Recently a Fetal ECG Synthetic Database (FECGSYNDB) for benchmarking of fetal ECG extraction and detection algorithms has been developed [35]. Data were generated using the fetal ECG synthetic simulator (fecgsyn, [36]), which can generate maternal-fetal ECG mixtures with realistic amplitudes, morphology, beat-to-beat variability, heart rate changes and noise. In [35] the authors also evaluated their methodology by testing some common fECG extraction methods on the developed database. Successively another research group has used the FECGSYNDB to evaluate the performance of its fECG extraction algorithm based on sequential total variation denoising [37].

The aim of our paper is to propose the novel “ICAQIO-based” method and evaluate its performance on the recently developed FECGSYNDB as well as on the PhysioNet CinC 2013 Database, on which we already tested our previously developed algorithms. In order to test the improvement achieved by the combination of the independence of sources and the quality index optimization with the performances obtained applying the two criteria separately, we compare the performances of the “ICAQIO-based” method with that of the “ICA-based” and “QIO-based” approaches.

2. Materials and Methods

2.1. Data

The FECGSYNDB on which algorithms were tested consists of 1750 synthetic signals. The database is structured in seven cases resembling different physiological events (see

Table 1. Description of the seven cases generated to simulate different physiological events.

Case	Description
Baseline	Abdominal mixture of fECG and mECG without noise or events
Case 0	Baseline + noise (no events)
Case 1	Fetal movement + noise
Case 2	mHR/fHR acceleration or deceleration + noise
Case 3	Uterine contraction
Case 4	Maternal and fetal ectopic beats + noise
Case 5	Twin pregnancy + noise

fECG = fetal electrocardiogram; mECG = maternal electrocardiogram, mHR = maternal heart rate, fHR = fetal heart rate.

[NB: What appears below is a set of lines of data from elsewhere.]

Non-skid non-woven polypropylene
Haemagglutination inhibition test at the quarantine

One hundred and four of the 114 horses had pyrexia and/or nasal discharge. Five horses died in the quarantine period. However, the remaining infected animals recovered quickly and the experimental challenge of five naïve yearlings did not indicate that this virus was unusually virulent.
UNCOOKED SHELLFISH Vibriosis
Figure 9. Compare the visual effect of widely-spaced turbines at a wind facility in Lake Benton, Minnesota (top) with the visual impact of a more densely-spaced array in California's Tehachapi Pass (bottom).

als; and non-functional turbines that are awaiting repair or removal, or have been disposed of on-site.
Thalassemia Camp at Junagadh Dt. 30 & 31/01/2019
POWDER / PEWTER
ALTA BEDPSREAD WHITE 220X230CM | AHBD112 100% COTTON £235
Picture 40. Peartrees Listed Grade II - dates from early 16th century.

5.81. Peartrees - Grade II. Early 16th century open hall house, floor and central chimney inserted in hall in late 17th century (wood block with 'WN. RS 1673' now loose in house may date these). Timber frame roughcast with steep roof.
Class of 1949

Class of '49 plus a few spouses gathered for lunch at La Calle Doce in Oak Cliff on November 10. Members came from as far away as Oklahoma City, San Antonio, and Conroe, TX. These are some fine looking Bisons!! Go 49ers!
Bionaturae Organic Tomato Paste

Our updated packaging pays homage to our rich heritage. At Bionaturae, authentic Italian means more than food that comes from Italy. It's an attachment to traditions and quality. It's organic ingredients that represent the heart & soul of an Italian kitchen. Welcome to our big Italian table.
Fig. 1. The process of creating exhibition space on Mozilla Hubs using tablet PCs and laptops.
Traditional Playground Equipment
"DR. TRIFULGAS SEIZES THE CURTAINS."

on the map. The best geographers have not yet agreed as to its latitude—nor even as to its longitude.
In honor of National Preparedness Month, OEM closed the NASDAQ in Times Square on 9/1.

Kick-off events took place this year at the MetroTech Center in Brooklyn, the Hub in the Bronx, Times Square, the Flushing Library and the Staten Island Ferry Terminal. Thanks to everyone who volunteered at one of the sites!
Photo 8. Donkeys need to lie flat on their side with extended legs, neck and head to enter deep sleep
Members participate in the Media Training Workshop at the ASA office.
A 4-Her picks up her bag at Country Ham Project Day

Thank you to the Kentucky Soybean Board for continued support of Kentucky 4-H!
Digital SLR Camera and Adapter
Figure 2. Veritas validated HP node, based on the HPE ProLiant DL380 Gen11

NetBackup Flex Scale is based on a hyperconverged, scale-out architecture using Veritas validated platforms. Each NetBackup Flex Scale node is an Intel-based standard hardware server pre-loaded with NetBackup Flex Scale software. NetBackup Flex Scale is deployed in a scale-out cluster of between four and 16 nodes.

) and for each case five different levels of additive noise are included (0, 3, 6, 9, and 12 dB). In addition, for each case ten different heart dipole models were generated by randomly selecting one of the nine vectorcardiograms available in the fecgsyn toolbox. Finally, simulations were repeated five times to obtain a more representative database. Each simulation is 5 min long for a total of 145.8 h, it is sampled at 250 Hz with a 16-bit resolution and it is projected onto 34 channels (32 abdominal and two mECG reference channels). For details about the parameters used for the simulation see [35,36].

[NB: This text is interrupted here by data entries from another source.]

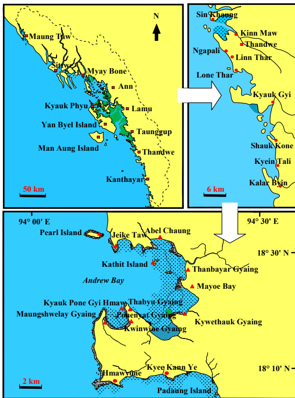
Figure 1 Map showing the collection sites of Andrew Bay in Rakhine Coastal Region.

All voucher specimens were deposited at the Museum of the Department of Marine Science, Mawlamyine University (MLM.MS). Zoogeographical distribution of each species was prepared with the data from the literature available. Ecological notes and associated species of these molluscs were also recorded in the field.
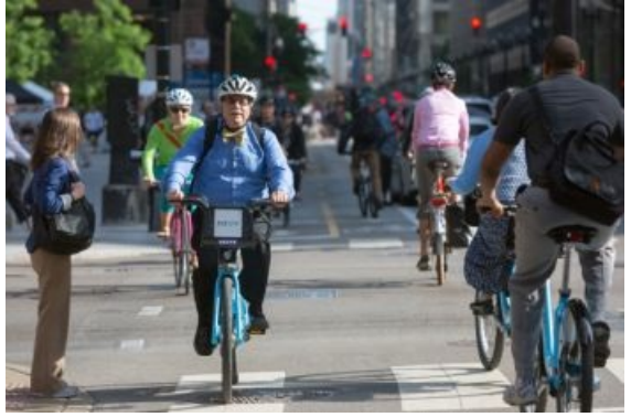
Dearborn St., Chicago, the protected bike lane. Notice the Divvy bikes?

The peopleforbikes organization had this to say, "Chicago's 1.2-mile showpiece isn't the country's most sophisticated downtown bikeway because of its on-street markings, though they're excellent, or its quick-and-simple plastic-post barriers. The really remarkable thing about Dearborn is that bikes get their own traffic signals. Maybe that's why stoplight compliance has soared from 31 percent to 81 percent and bike traffic has more than doubled since the lane went in. Did we mention that one of its local fans has given the lane its own Twitter feed? We challenge any other street project in the country to inspire such devotion."
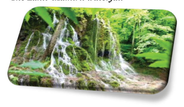
The Lakit-Mamirli waterfall

It is located at a height of 550 m above sea level in the depth of a dense forest on the left bank of the river of the same name near the village of Lakit-Kotuklu, 3–4 km from Gakh region. The waterfall is 15 m high and 30 m wide. Because of the dense forest around it, it never gets sunlight and is always cool. The waterfall was registered as the Gakh Natural Monument by the decision of the Cabinet of Ministers of the Republic of Azerbaijan Nº 190 dated August 5, 2006 and is protected by the state (Sputnik, 2016).
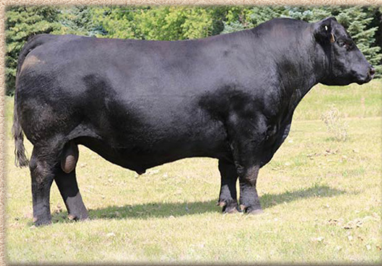
SIRE- MC CUMBER TRIBUTE 702

We A.I.'d some heifers to Tribute, and they calved phenomenally well. He was a main service sire at MC Cumber Angus, whose popularity rapidly grew and semen became short in supply. We will have our first daughters from him calving this year.
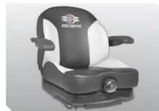
Suspension Seat - Full suspension for ultimate comfort all day long
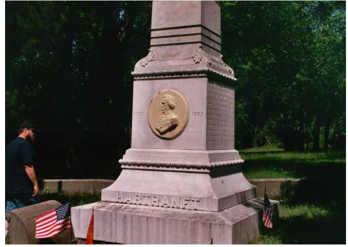
CLOSE UP OF HARTRANFT BUST

VIEW OF HARTRANFT'S 28<sup>TH</sup> DIVISION SYMBOL

In order to compare the performance of our algorithms with that of the ones already tested on the same database, we selected the same combination of channels of the previous study [35]. In particular, among the different combinations used, we selected the one with 4 channels (1, 11, 22 and 32). This choice was motivated by the fact that it allows ICA to achieve the separation of sources without loading excessively the mother with abdominal channels. In addition, the performance of the Nelder-Mead algorithm improves in low dimension [38]. We also selected channels 33 and 34, which are the mECG reference channels. It should be noticed that, compared with the PhysioNet CinC 2013 Database, in the FECGSYNDB there are reference mECG channels, so the algorithms do not include the mECG extraction step as our previous implementations [23,34].

Among the seven cases of the database we discard case 5 as the QIO-based approach is not suitable to detect more than one fECG as it will be better explained in the following paragraphs. Moreover, we selected only the two highest levels of noise (i.e., SNR = 0 and SNR = 3 dB) as, according to previous results [35,37], they bring out the most significant differences among the different algorithms.

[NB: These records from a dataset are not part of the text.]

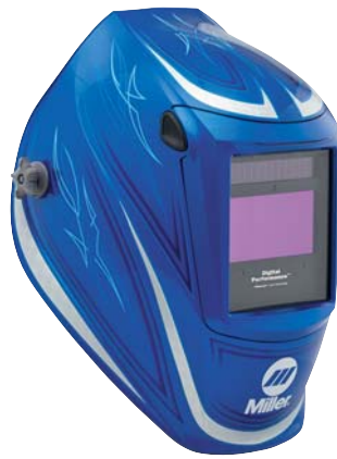
'64 Custom™ 282002
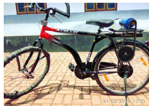
Fig.4. Final Prototype

In our project, we are using a piezo electric power generation system. We are using piezo electric patches which has the piezo electric material in it. These piezo electric patches are fixed in the rim of the wheel. The connection of these patches are done using carbon brushes in the center of the wheel shaft. In the end of the wheel a special roller setup is placed. This roller on tightening, it applies pressure on the tyre and in turn the piezo electric patches receives the pressure. When the cycle starts rotating, When the wooden roller is tightened, the pressure is applied the tyre. This pressure directly applies on the piezo electric patches outside the rim. Due to mechanical force the piezo material starts generating electricity. This generated electricity is stored in a battery. This battery in turn powers the DC motor which is also used to power the chain drive and to wheels.
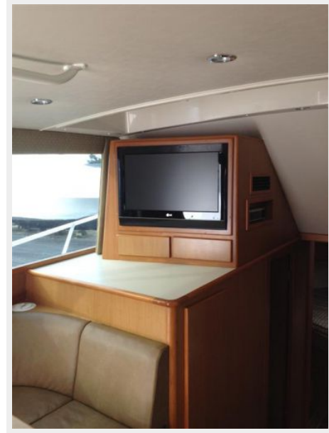
Salon 3 - Entertainment Center
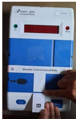
Affixing Green Paper Seal
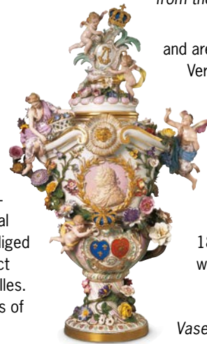
Vase with relief bust of King Louis XIV of France

King Ludwig II's original idea was to have a copy of Versailles Palace built on the Herreninsel as a 'Temple of Fame' in honour of the Sun King Louis XIV of France. Started in 1878, it was thus intended purely as a monument to absolute monarchy and had no practical function. The architect Georg Dollmann was obliged to study the original model and even reconstruct rooms which had long ceased to exist in Versailles. The main rooms are some of the best examples of nineteenth-century interior design in existence,
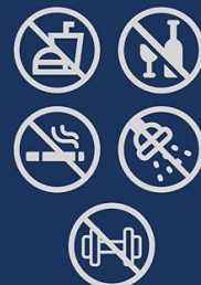
Image: A visual guide detailing the recommended posture and activities to avoid before taking a blood pressure measurement to ensure accuracy.
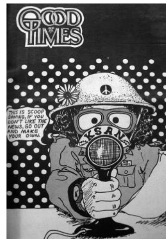
From the now defunct psychedelic 60s "Good Times"
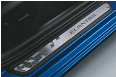
Premium Aluminium Scuff Plates
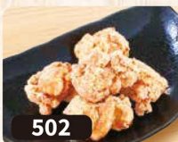
Chicken Karaage 唐揚げ 1pc $1.3 2pcs $2.5 5pcs $6.0

To test the performance of the proposed method on real data, we also used the annotated open set of recordings “set-a” of the PhysioNet CinC 2013 Database. The dataset consists of 75 records (length: 60 s) from five abdominal signal collections. Each record includes four channels of maternal abdominal ECG sampled at 1 KHz. Further details about the PhysioNet CinC 2013 Database can be found in [31,39]. The records a33, a38, a52, a54, a71, a74 were excluded because they had partial or inaccurate reference annotations. Moreover, the first and the last annotated beat of each record were ruled out from the evaluation because their reference annotations were often inaccurate.

2.2. Tested Methods

In this paper, we tested the novel proposed “ICAQIO-based” method and we compared it with our previously developed “ICA-based” and “QIO-based” approaches. The three different methods are schematized in Figure 1.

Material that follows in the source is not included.